The current Fermanagh boss says he was contacted by the Dubs in 2004 after Tommy Lyons left as manager and before Paul ‘Pillar’ Caffrey was appointed.
Dublin have never had an ‘outside’ senior football manager, although legendary Kerry manager Mick O’Dwyer was heavily linked with the position after the departure of Mayo-born Lyons in ‘04.
Now McGrath, whose Erne side play Antrim in the Ulster SFC on Sunday, claims he was also sounded out at that time by Dublin county board chief executive, John Costello, while he was managing Ireland’s International Rules squad.
“After my first year of International Rules management, there was a tentative approach made by John Costello from Dublin,” McGrath revealed.
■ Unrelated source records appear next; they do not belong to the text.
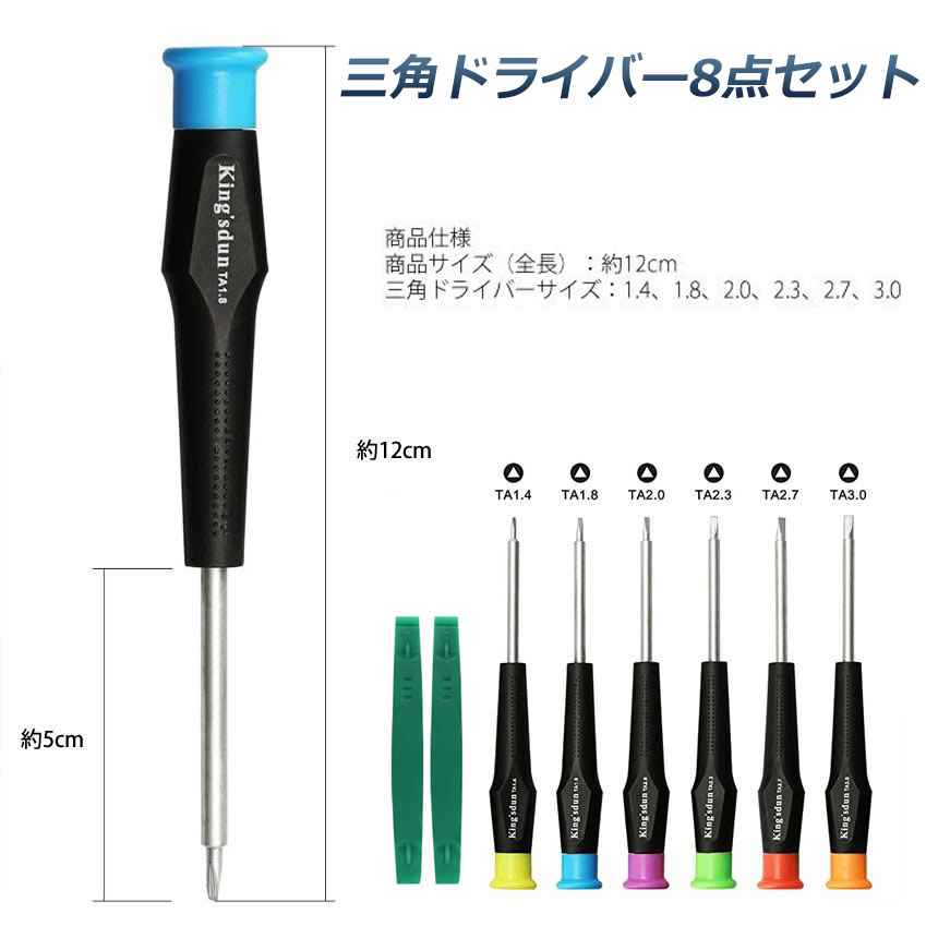 【サイズ】商品サイズ(全長):約12.2cm 樹脂製緑ヘラ(全長):8.3cm 三角ドライバー6サイズ:TA1.4、TA1.8、TA2.0、TA2.3、TA2.7、TA3.0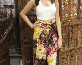 Womens Brown Wrap Pants, Boho Ivory halter Top, MIX MATCH Hippe Boho Chic Summer Fashion M 2Pc Set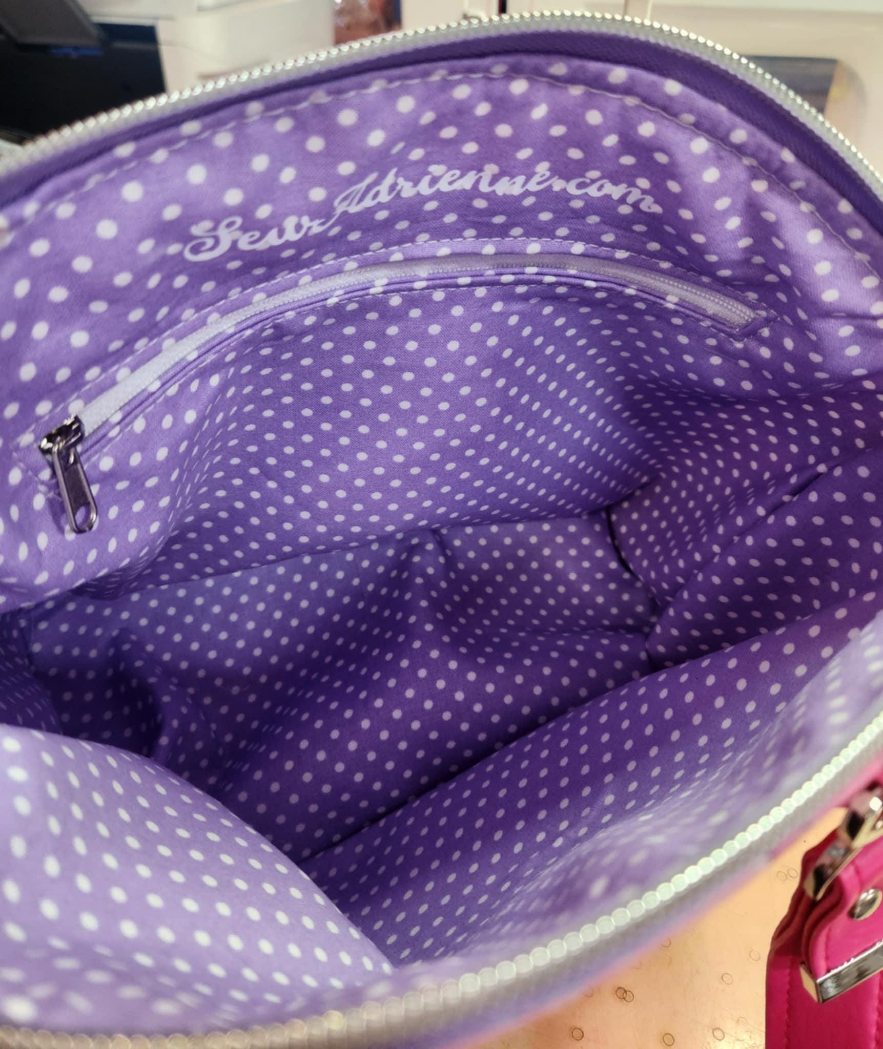 Show your love with this vibrant and nostalgic custom handbag. The main fabric showcases custom-printed character cotton, perfectly paired with high-quality marine vinyl. The interior fabric delights with dotted cotton.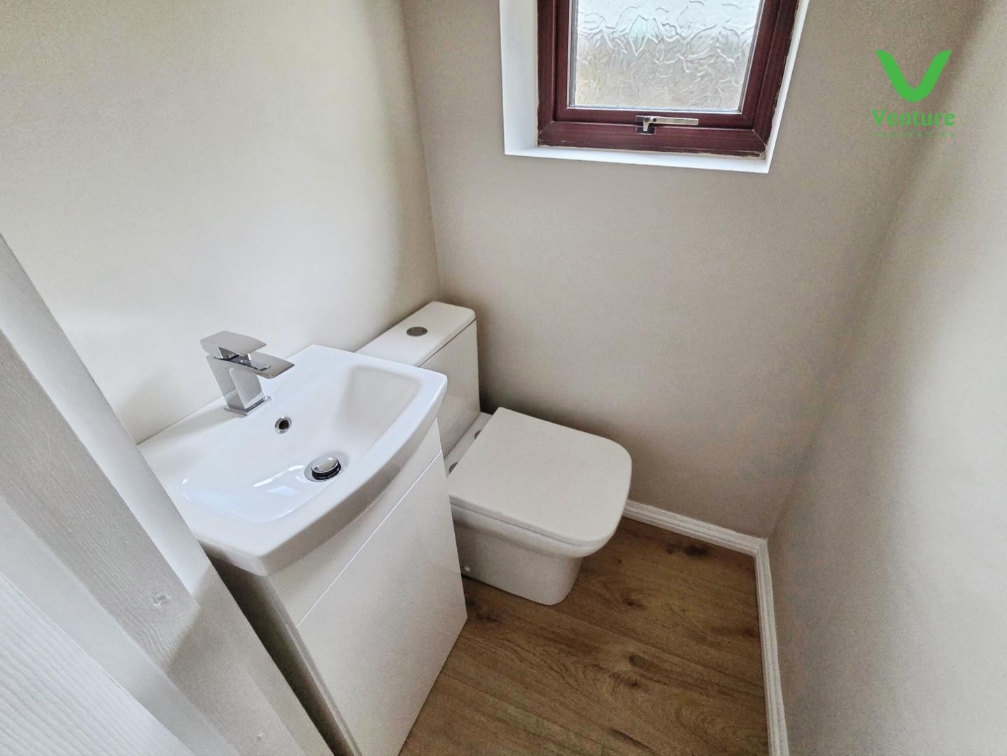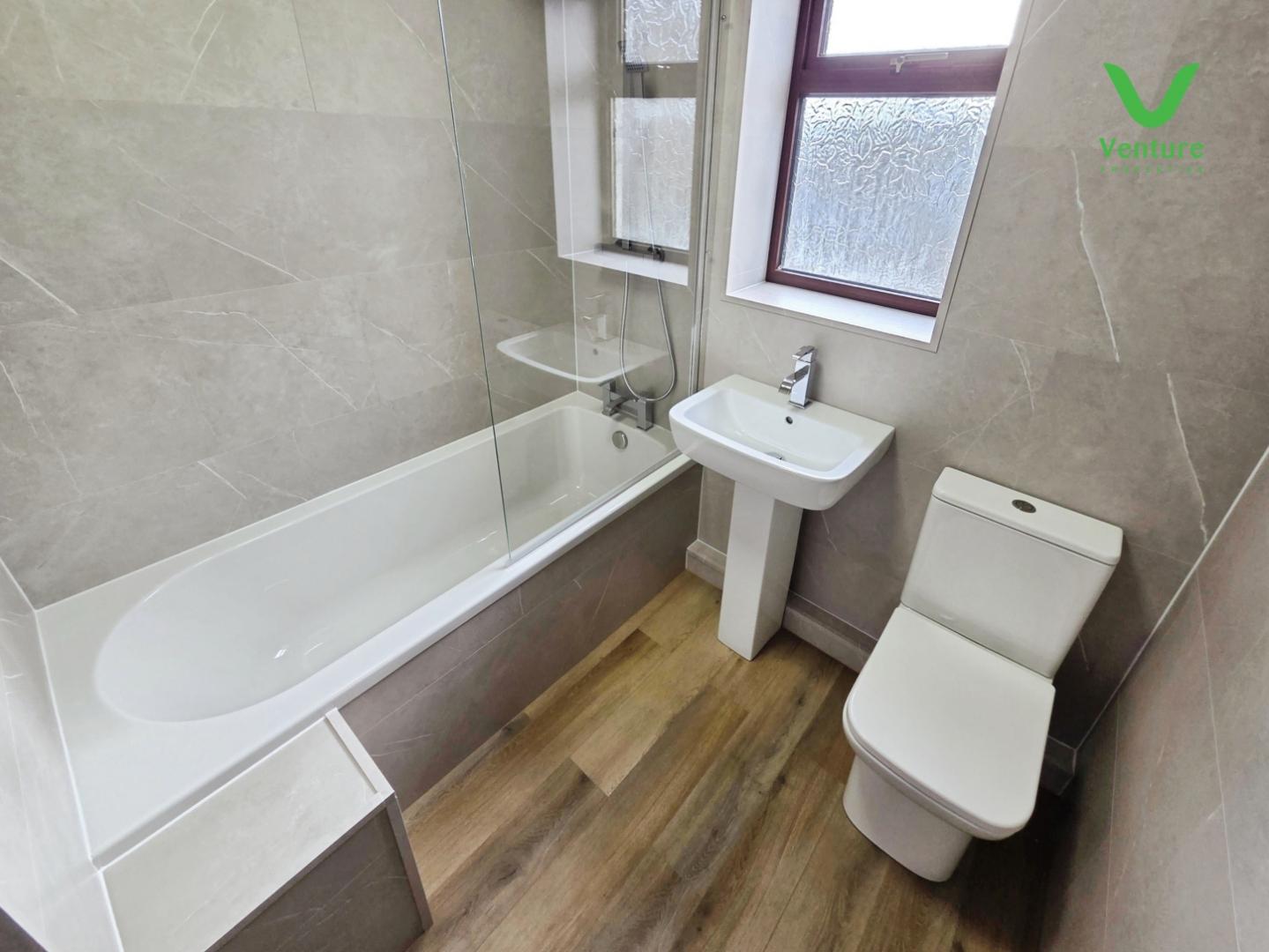 Fitted with a new white suite comprising of panelled bath with mains shower over, wc, wash hand basin and chrome heated towel rail.

“That’s when I was still teaching and the prospect of driving up and down to Dublin. I would say it was a tentative approach but I said ‘no’.”
Although he was disappointed with how his 13-year reign in Down ended in 2002, McGrath says he did not take the Fermanagh job to prove he could still cut it as a senior inter-county manager, insisting he turned down a number of inter-county jobs — including Meath — before accepting the Erne post 18 months ago.
“Things didn’t end that well in Down and I recognise that, but coming here (to Fermanagh) wasn’t to prove a point to Down people, not at all.
“Since then (2002) I was nearly taking other jobs. Twice I nearly took the Louth job. I nearly took the Monaghan job before Eamonn McEneaney (in October 2010) and I was lobbied very hard by Meath people to go down there.
“I knew that those jobs weren’t right because I wasn’t ready to go back into county senior football. But when this opportunity came, very late in the day in November 2013, I said to myself, ‘Look, you’re out of teaching and this could be your last chance to manage at this level so go for it’.
“Coming here was me doing what I wanted to do.”
The 60-year-old says he still gets a “fix” from working within a team dynamic and admits it would be “a dull life” without football.
“If you get a strong group dynamic going there is a great buzz and a sense of fulfilment and satisfaction from working with a group that has a common purpose,” he explained.
“That gives me a lot of satisfaction and if that was to be chopped out of my life it would be a very dull life for me. There are lows — ask any manager. You can reach the depths of depression but I always say to the players we are doing this for the people of Fermanagh.
“We want to give them a county team they are going to be proud of, give them county players they’ll want to emulate, give them iconic figures. Tyrone have them, Down have them, Donegal have them.
“Our guys can be those figures for Fermanagh.
“So it’s about doing it for more than yourself. You are doing it for others as well. I think when you’ve got higher motives then the higher your performance will get.”